• _EXERCISE INPUTS_:
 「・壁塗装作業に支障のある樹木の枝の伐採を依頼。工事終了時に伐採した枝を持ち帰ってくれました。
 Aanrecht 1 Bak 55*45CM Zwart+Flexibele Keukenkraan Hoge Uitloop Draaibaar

...

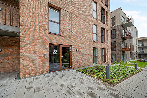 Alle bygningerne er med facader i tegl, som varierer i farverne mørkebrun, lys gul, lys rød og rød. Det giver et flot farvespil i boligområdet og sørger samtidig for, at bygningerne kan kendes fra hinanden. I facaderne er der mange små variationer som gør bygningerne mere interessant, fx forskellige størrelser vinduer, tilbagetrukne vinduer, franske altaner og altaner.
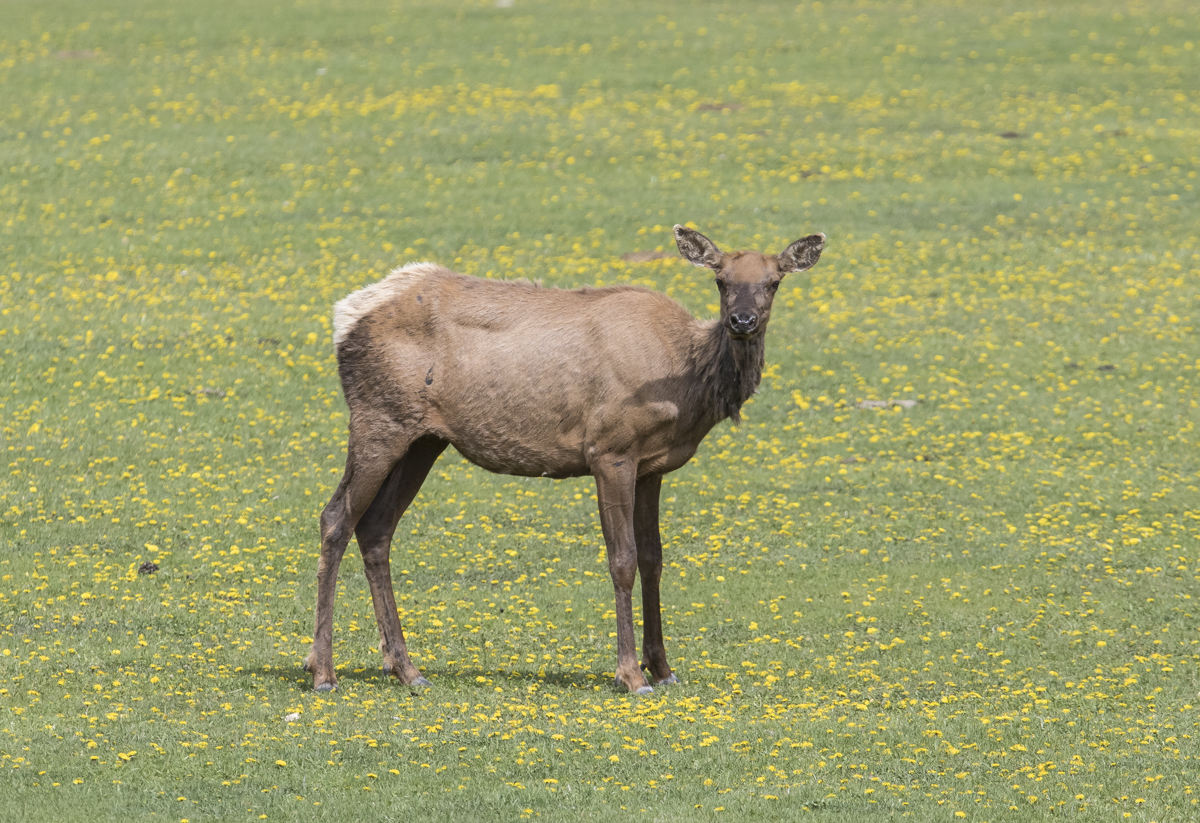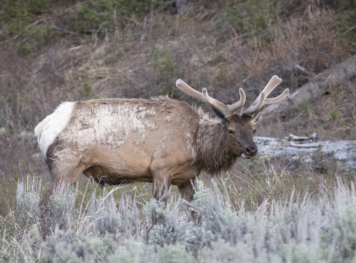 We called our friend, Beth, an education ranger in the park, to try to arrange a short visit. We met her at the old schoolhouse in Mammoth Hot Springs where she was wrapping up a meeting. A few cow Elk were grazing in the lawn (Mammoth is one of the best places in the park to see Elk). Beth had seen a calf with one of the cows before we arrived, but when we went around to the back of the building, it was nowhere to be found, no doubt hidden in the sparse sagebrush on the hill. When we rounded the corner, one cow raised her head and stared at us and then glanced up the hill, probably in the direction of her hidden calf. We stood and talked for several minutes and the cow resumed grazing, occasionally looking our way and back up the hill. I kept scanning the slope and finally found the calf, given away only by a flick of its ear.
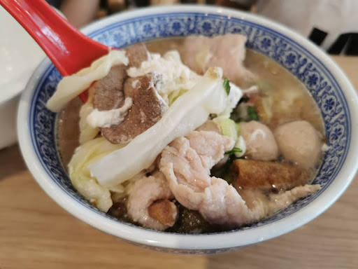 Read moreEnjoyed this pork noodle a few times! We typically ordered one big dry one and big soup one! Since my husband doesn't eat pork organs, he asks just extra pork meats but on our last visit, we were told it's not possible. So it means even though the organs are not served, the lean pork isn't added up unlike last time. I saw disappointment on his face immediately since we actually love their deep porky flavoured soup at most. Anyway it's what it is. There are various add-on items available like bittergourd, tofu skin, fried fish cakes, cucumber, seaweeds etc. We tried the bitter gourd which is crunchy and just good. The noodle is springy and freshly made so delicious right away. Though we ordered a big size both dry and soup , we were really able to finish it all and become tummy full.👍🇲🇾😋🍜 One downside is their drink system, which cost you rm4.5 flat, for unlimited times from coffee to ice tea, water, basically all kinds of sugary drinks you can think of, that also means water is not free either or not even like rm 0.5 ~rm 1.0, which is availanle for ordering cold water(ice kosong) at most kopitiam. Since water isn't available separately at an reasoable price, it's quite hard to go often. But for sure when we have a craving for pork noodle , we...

• _TASK_:
Give again, exactly as written above, each line from the one that has "Alle bygningerne er" to the one that has "We called our", both included; omit the pictures.

• _RESPONSE AREA_:
 Alle bygningerne er med facader i tegl, som varierer i farverne mørkebrun, lys gul, lys rød og rød. Det giver et flot farvespil i boligområdet og sørger samtidig for, at bygningerne kan kendes fra hinanden. I facaderne er der mange små variationer som gør bygningerne mere interessant, fx forskellige størrelser vinduer, tilbagetrukne vinduer, franske altaner og altaner.
 We called our friend, Beth, an education ranger in the park, to try to arrange a short visit. We met her at the old schoolhouse in Mammoth Hot Springs where she was wrapping up a meeting. A few cow Elk were grazing in the lawn (Mammoth is one of the best places in the park to see Elk). Beth had seen a calf with one of the cows before we arrived, but when we went around to the back of the building, it was nowhere to be found, no doubt hidden in the sparse sagebrush on the hill. When we rounded the corner, one cow raised her head and stared at us and then glanced up the hill, probably in the direction of her hidden calf. We stood and talked for several minutes and the cow resumed grazing, occasionally looking our way and back up the hill. I kept scanning the slope and finally found the calf, given away only by a flick of its ear.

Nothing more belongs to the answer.